Entries supplied =>
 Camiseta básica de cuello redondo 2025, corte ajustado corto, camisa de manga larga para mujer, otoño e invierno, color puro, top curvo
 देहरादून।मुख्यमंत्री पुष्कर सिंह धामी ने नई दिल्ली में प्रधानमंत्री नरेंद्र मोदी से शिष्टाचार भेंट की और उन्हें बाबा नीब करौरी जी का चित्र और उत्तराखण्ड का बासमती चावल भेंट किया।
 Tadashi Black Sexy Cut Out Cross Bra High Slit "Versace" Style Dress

==

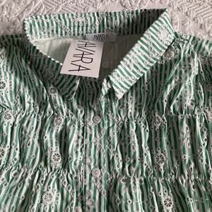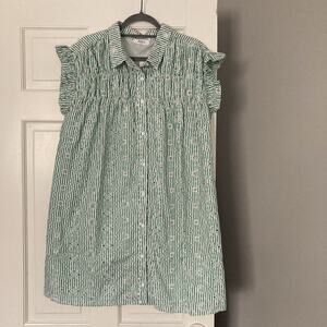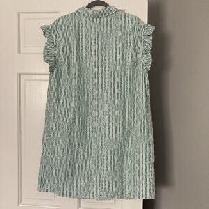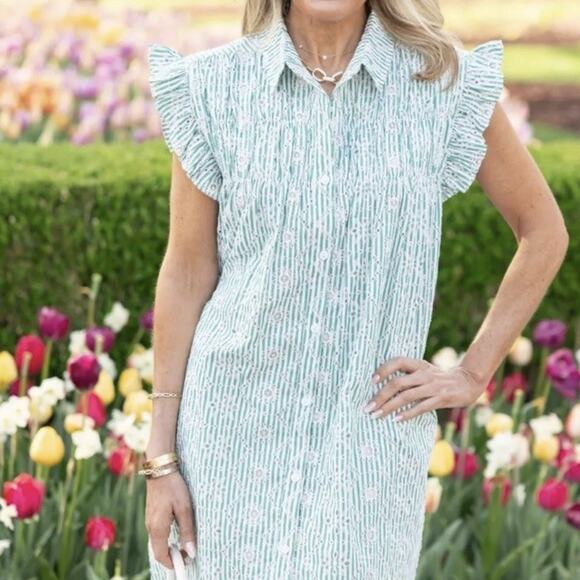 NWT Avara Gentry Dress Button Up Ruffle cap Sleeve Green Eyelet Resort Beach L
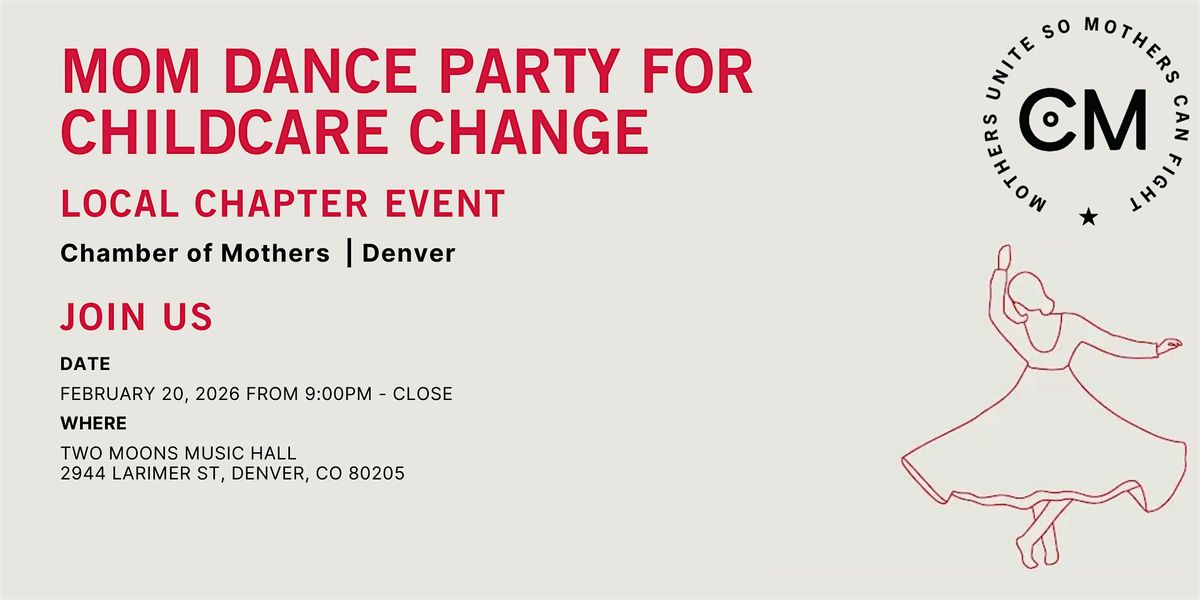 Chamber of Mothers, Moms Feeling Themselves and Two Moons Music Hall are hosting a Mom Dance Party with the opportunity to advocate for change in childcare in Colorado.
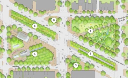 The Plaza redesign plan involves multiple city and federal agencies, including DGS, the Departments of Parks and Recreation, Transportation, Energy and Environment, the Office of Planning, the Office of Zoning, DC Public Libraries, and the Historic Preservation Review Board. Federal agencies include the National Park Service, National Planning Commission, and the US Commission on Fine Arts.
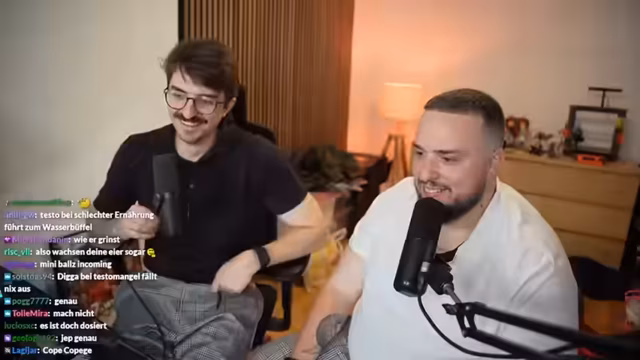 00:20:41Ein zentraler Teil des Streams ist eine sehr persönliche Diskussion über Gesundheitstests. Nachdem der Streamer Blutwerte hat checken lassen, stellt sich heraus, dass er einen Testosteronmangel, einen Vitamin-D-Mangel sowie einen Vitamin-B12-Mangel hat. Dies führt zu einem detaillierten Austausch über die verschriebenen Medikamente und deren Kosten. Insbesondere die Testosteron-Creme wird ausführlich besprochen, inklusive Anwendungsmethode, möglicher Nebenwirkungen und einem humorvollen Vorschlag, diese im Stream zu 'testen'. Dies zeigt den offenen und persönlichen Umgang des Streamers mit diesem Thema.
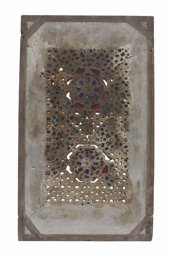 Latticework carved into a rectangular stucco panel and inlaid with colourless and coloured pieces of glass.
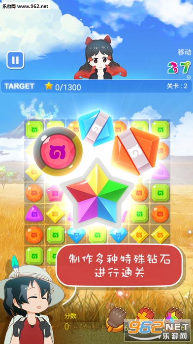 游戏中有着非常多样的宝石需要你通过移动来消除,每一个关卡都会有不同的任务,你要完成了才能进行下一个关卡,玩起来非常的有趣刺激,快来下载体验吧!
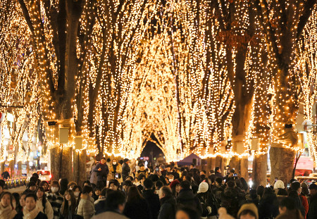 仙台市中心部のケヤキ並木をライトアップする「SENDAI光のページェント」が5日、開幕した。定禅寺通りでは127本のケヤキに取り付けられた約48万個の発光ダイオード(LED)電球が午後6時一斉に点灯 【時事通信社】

Task description => Repeat, exactly as they stand above, the lines from the line with "Camiseta básica de" to the line with "Tadashi Black Sexy", both lines included.

Result of this task =>
 Camiseta básica de cuello redondo 2025, corte ajustado corto, camisa de manga larga para mujer, otoño e invierno, color puro, top curvo
 देहरादून।मुख्यमंत्री पुष्कर सिंह धामी ने नई दिल्ली में प्रधानमंत्री नरेंद्र मोदी से शिष्टाचार भेंट की और उन्हें बाबा नीब करौरी जी का चित्र और उत्तराखण्ड का बासमती चावल भेंट किया।
 Tadashi Black Sexy Cut Out Cross Bra High Slit "Versace" Style Dress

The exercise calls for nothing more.